У меня появилась любовь, девочка Настенька, слабоумный стебелек. Ее привезли к нам в возрасте десяти лет. Родители долго не хотели расставаться с ней, она была такая красивая, но как мертвая. Она не умела жить, лежала безмолвно, не плакала, не просила пищи. С закрытыми глазами она проводила годы и в свете не нуждалась. Однажды увидев ее, я стал часто приходить к ней в палату. Садился рядом и смотрел, разговаривал. Я сказал, что хочу помогать няньке ухаживать за Настенькой. Мне разрешили кормить и менять мокрые простыни. Я укладывал гребнем ее волосы, обтирал кожу влажной марлей. И так много лет. Я наблюдал рост тела, взросление лица, оно становилось все более прекрасным и осмысленным. Спящая мудрость чудилась в Настеньке. Красота порождала этот обман. Настенькина надувная прелесть и пустота внутри меня не беспокоили. Было прекрасное, без единой патологии тело, которое могло протянуть при соответствующем уходе еще полвека.

Я спрашивал Бахатова, есть ли смысл во встречах с Настенькой. Бахатов, по натуре монах, отвечал туманно, иносказательно и с неохотой. Он недоумевал, как может человек, посвятивший жизнь отвинчиванию шаров, тратить время на что-нибудь еще. Действительно, из-за Настеньки я многое забросил. Ее внутренний покой учил терпеливости и смирению. Я полюбил трогать Настеньку губами, их чуткость превосходила чуткость пальцев. Губы чувствовали глубже, и к новым ощущеньям добавлялся вкус. Я питался Настенькой, принимал ее внутрь, как лекарство. Она выделяла сладкую чистоту, которую я слизывал, чтобы выжить и не сойти с ума.

Мою влюбленность сделали предметом насмешки. Старый персонал сменился новым, молодым и беспринципным, без святого. Нам даже устроили игрушечную свадьбу. Ведь докторам тоже скучно, а так все выпили, потанцевали, кричали: «Горько!». Бахатов был моим свидетелем, Настеньке нашли полоумную подружку. Всех наших, кто умел сидеть, усадили за праздничный стол. Они верили, что на свадьбе, и радовались, и я почти верил. Злой фарс закончился тем, что нас все равно развели по палатам подвыпившие санитары.

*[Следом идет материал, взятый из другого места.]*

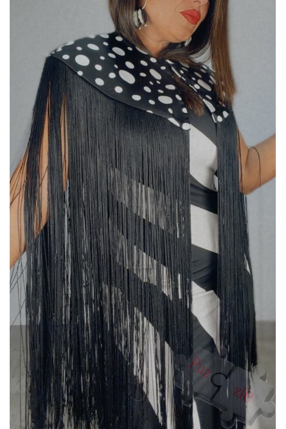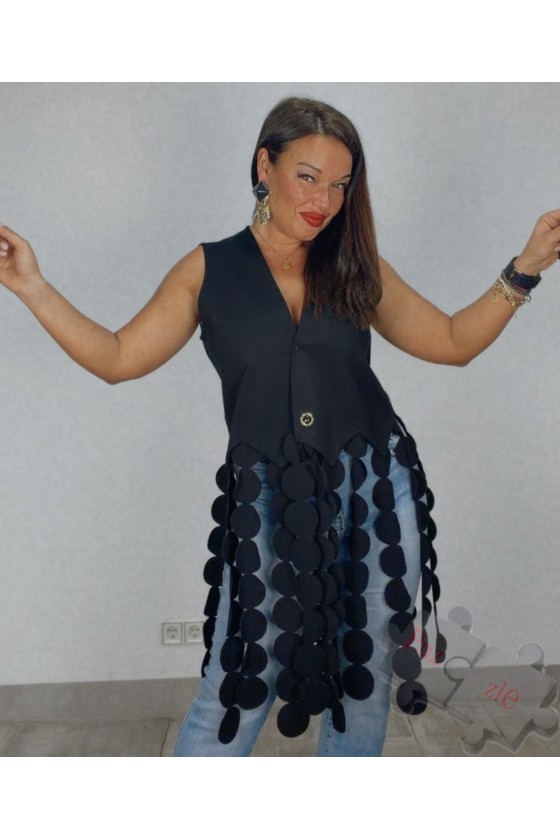 Chaleco en tono negro con flecos de círculos , disponible en talla única
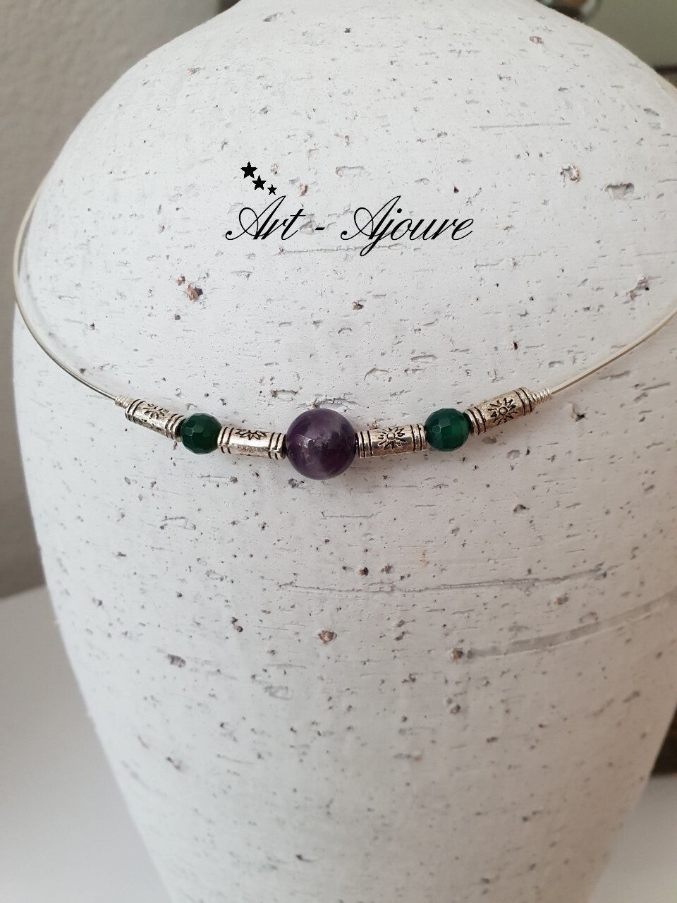 Deze spang collier heeft 2 Onyx edelstenen en 1 Amethyst edelsteen met daartussen Tibetaans zilver spacers ( Tibetaans zilver is een mengsel van zilver samen met andere metalen zoals koper. )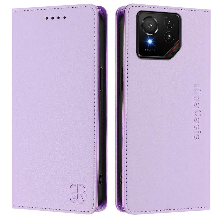Funda de Cuero Rfid para Asus Rog Phone 9/9 Pro Rc01 con Doble Pliegue y Succión Magnética (Morado Claro)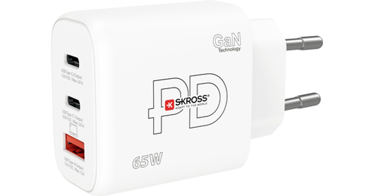 Skross Power Charger 65W Pd Gan Eu Usb Charger Indoors Max. Output Current 3.25 A Usb 2.0 Port A, Usb-C® No. Of Outputs: 3 X

А однажды я не узнал Настеньку. Изменился ее вкус, стал горьковатым и пряным, не скажу неприятным, но другим. Изменилось лицо, в нем появилась тайна, во рту подобие улыбки и порока. Тело словно наполнилось чем-то земным, из него ушла одухотворенность, исчезла, пусть призрачная, но мудрость. Как подменили Настеньку. Я недоумевал, я извелся — что случилось? Мне подумалось, что перемены с Настенькой происходят в мое отсутствие — днем я не отходил от нее. Следующей ночью я не ложился спать.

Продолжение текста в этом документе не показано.